Rebecca Museidō Hawes
To my Sangha I bow in gratitude for your support and love as I pass through another gateless Dharma Entrance Gate. As a new Unsui (novice priest) in the White Plum Asanga, I bow to my ordaining teacher Rev. Roshi Ed Sangetsu, Oshō. As a Sensei, I continue to bow to my transmitting teacher, Bob Jingen, Sensei. To my family, my dharma siblings, my friends, the stream of ancestors and the numberless creations – I bow.
While the ceremony Shukke Tokudo traditionally means “home leaving,” I remind everyone that you are still stuck with me at One Heart Sangha. I am neither arriving nor going anywhere.
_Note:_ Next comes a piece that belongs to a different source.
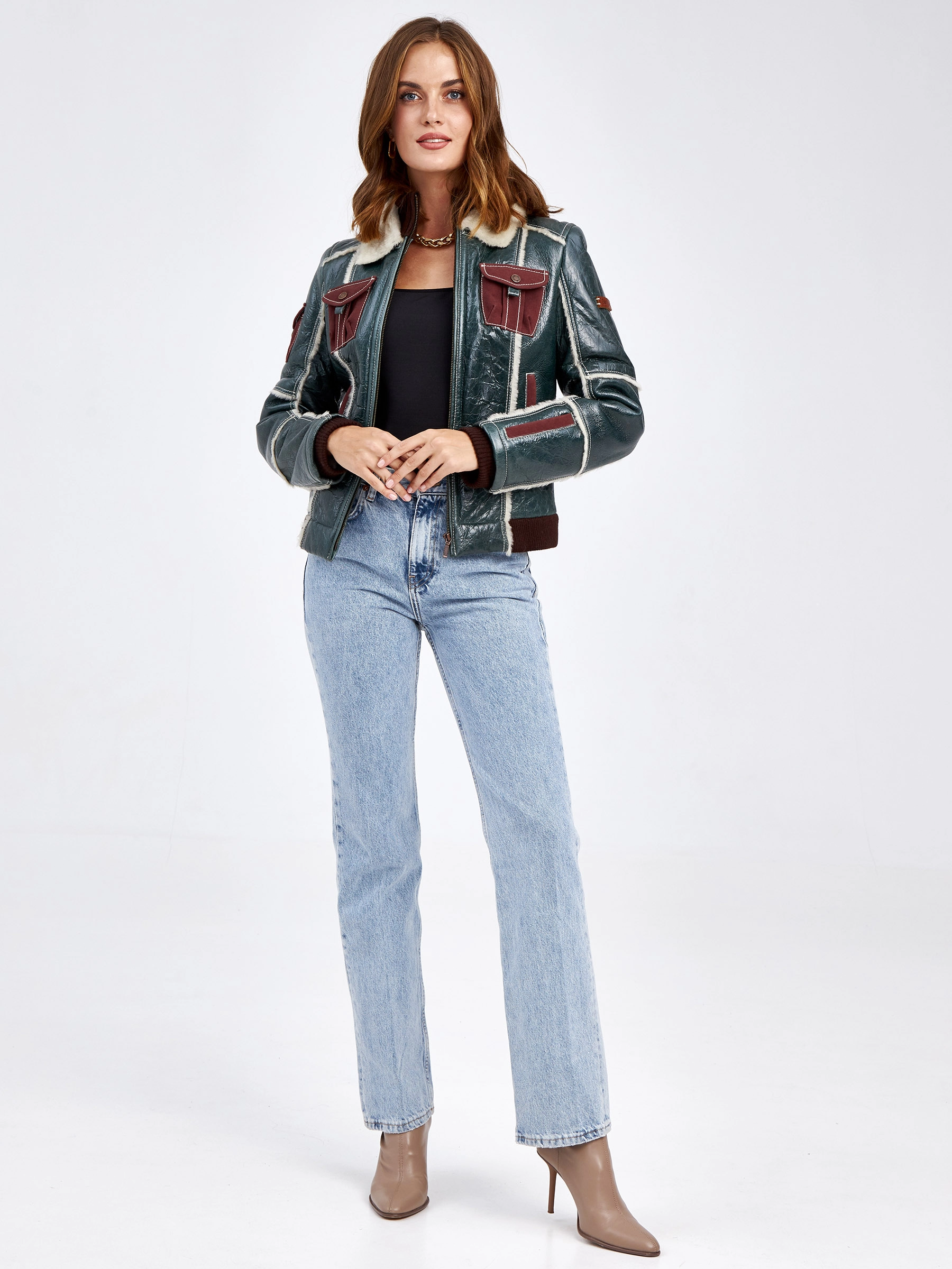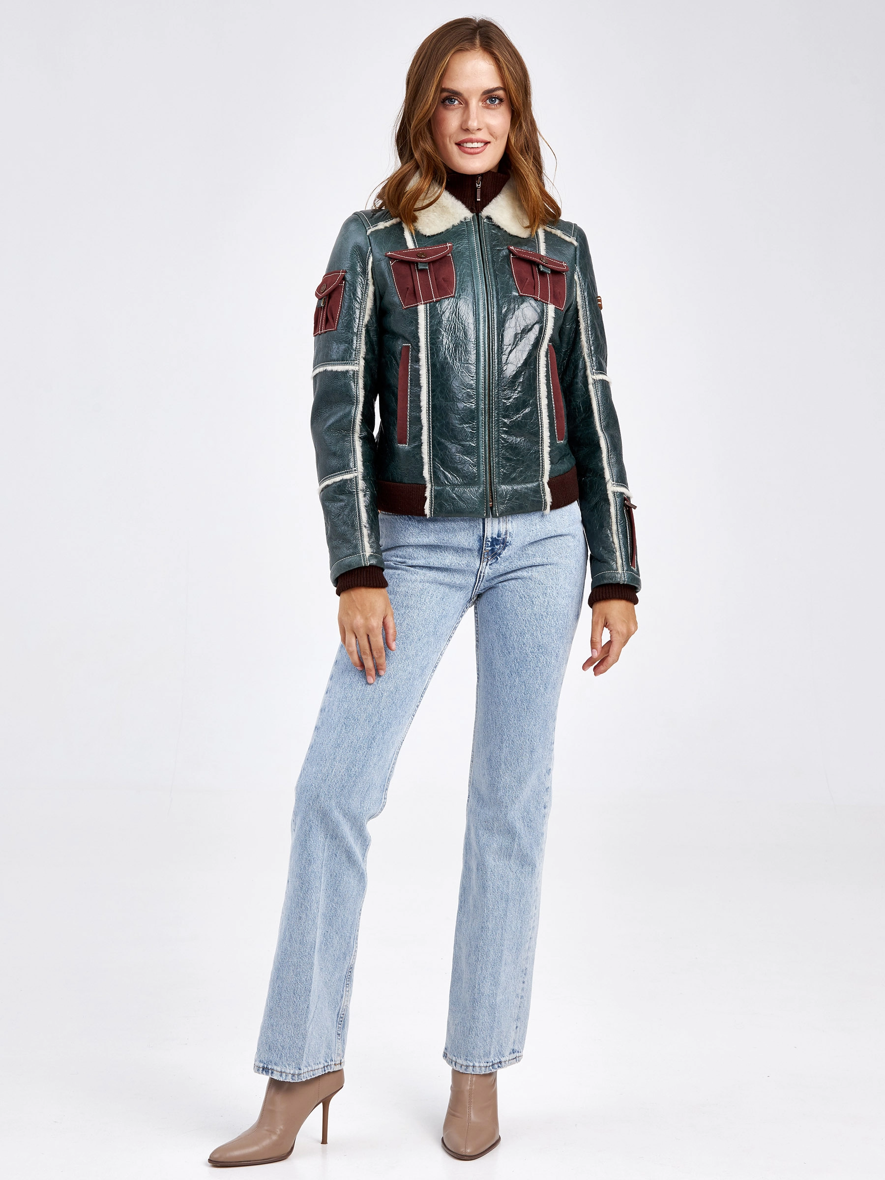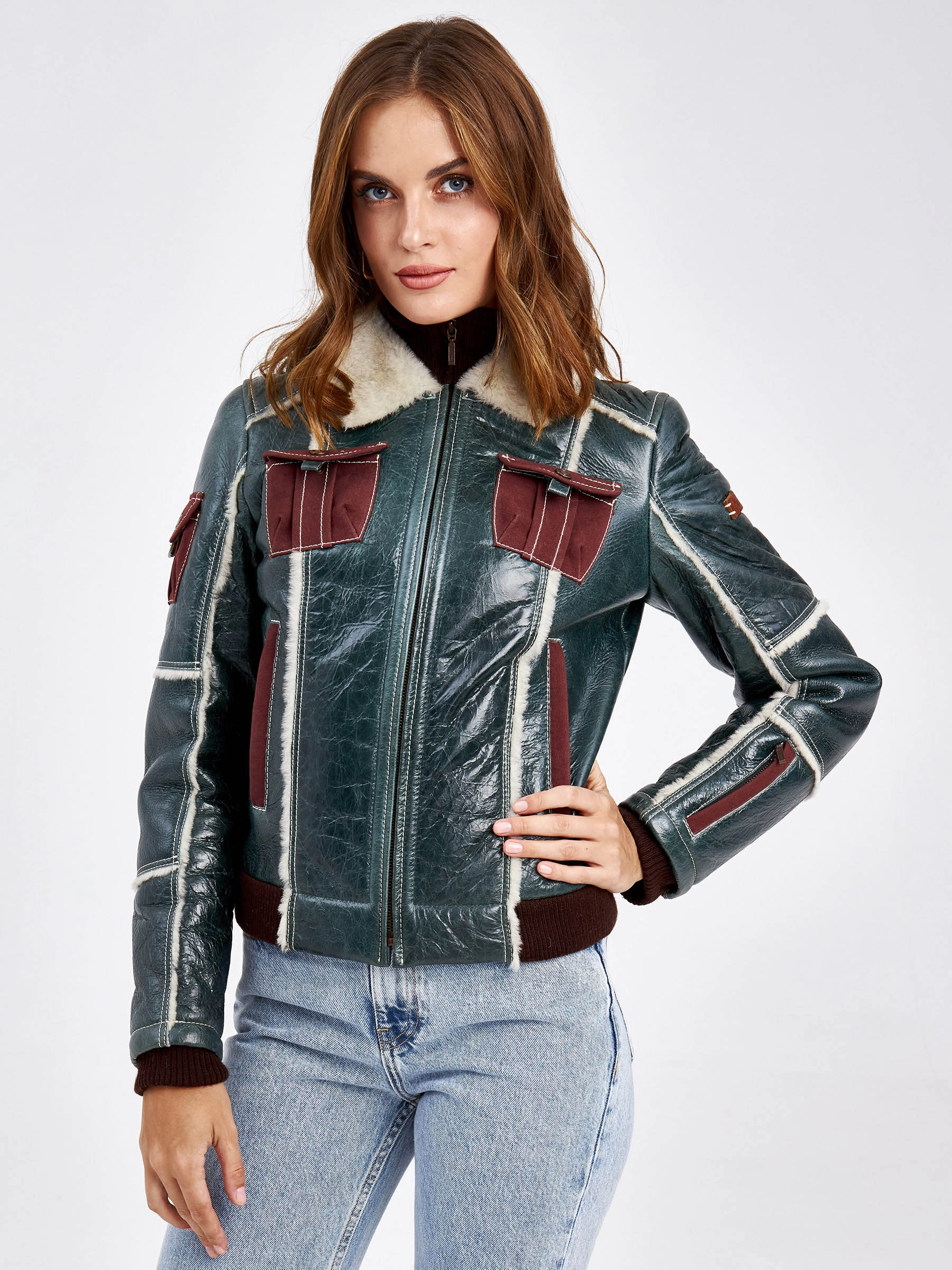 Спортивная короткая куртка из эластичной овчины «меринос» — идеальный выбор для активной городской жизни в сезоны осень-зима. Полуприлегающий силуэт длиной 51-74 см с втачными рукавами обеспечивает аккуратную, подвижную посадку. Особенность модели — двойная отделка овчиной: снаружи тонкая прочная кожа, а изнутри — мягкий коротковорсовый мех, который великолепно сохраняет тепло, не пропуская ветер. Куртка выполнена в лаконичном утилитарном стиле без капюшона и декора, что подчёркивает качество материала и чистоту линий. Застёжка-молния и воротник-стойка добавляют образу динамики и завершённости. Эта модель станет вашим надёжным и стильным спутником в прохладную и холодную погоду.

The priest name 恵門,(Emon)[é-mon], was chosen for me by Rev. Roshi Ed Sangetsu, Oshō and Rev. Sensei Jon Seichō (清調) McCollum, Oshō. In the ceremony Sangetsu Roshi explained that the name is meant, “…to honor the thread of listening and service that has woven through her life from its earliest moments. It means, “the gate through which grace enters the world.” Even as a two-year-old dreaming of becoming a “flying nun,” she carried an impulse to be helpful to others—a drive that later expressed itself in social work, research, and countless acts of care. Zen practice allowed her to recognize that the Bodhisattva vows were not distant ideals but the very path she had been living all along, guided by Avalokitesvara’s example of responding to the cries of the world. Over time, Museidō came to understand that she could never have enough “heads or arms” to hear and save all beings, yet that realization did not lessen her practice; rather, it revealed that hearing and doing are not personal achievements, but boundless gifts arising in each moment. 恵 (grace) reflects this sense of receiving and giving without self-aggrandizement, while 門 (gate) honors her openness, deep attentiveness, the quality that has shaped her life, her Zen practice, and her aspiration to serve as an unsui and, ultimately, as an interfaith chaplain.”